Se formos um pouco mais adiante poderemos argumentar que a moral ele é flexível para cada situação, desta forma não há uma moral correta ou um livro de ética universal, sendo que o mais provável é que cada um construa uma própria para aceitar a viver a vida como ela se apresentar para si. Neste contexto o conceito de bem ou mal é destruído e nada mais cabe em seu lugar.


Uma outra leitura é uma crítica contra o capitalismo, na medida em que Shui Ta assume o comando numa visão simplificada do sistema do capital, que é orientado a base de exploração e da riqueza do burgo a qualquer preço, onde o proletariado simplesmente serve aos interesses do lucro – sabemos que Brecht era marxista e próximo das técnicas de teatro da Rússia Soviética, socialista só para constar.

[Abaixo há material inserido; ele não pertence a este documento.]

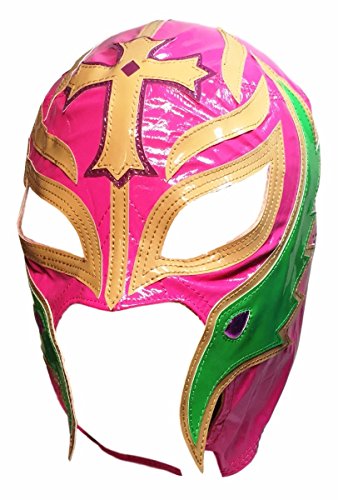 -. Title : WWE REY MYSTERIO Kid Size Pink With Tan and Green Trim Replica MASK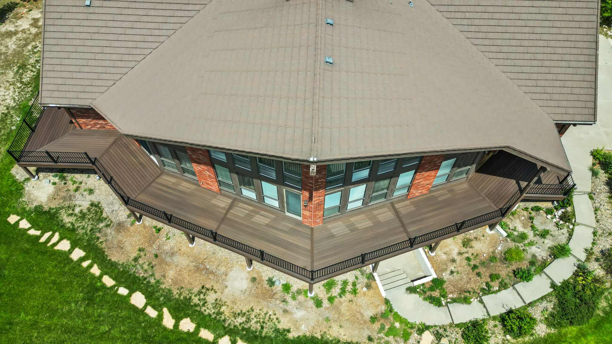 This was a fun project to build. This deck covers 930 square feet of composite decking. Showcasing here is Fiberon Sanctuary decking in Espresso for a warm, refined look.

Também outra crítica que podemos observar é contra a religião, onde os deuses simplesmente esperam que sejamos bons sem nos dar condições para sermos desta maneira, sendo que o que nos resta é aquele velho dilema "é matar ou morrer". Desta maneira, não há razão para os deuses existirem, pois se eles não interferem por nós neste sentido, estamos sozinhos e devemos aprender a caminhar com as próprias pernas, uma vez que o conceito de livre arbítrio acaba por anular a importância da existência divina, em termos de onipotência e onipresença.

Enfim, o teatro épico de Brecht é fantástico e permite diversas linhas de raciocínio difusas. Com interpretações estupendas de Denise Fraga no papel principal – dispensa apresentações! A garota simplesmente não para por um segundo –, Ary França (perfeito e carismático, conversando normalmente com a plateia ao término do espetáculo!), Marcos Sesana, Claudia Melo, Jacqueline Obrigon, Virginia Buckowski, Joelson Medeiros, Fábio Herford (outro que tirou muitos risos da plateia), Maristela Chelala, Maurício Marques (fenomenal!) e João Bresser, A Alma de Boa Setsuan é um espetáculo que eu recomendo todas as vezes que ele for montado! Quando tiverem a oportunidade não percam por nada! Irresistivelmente delicioso!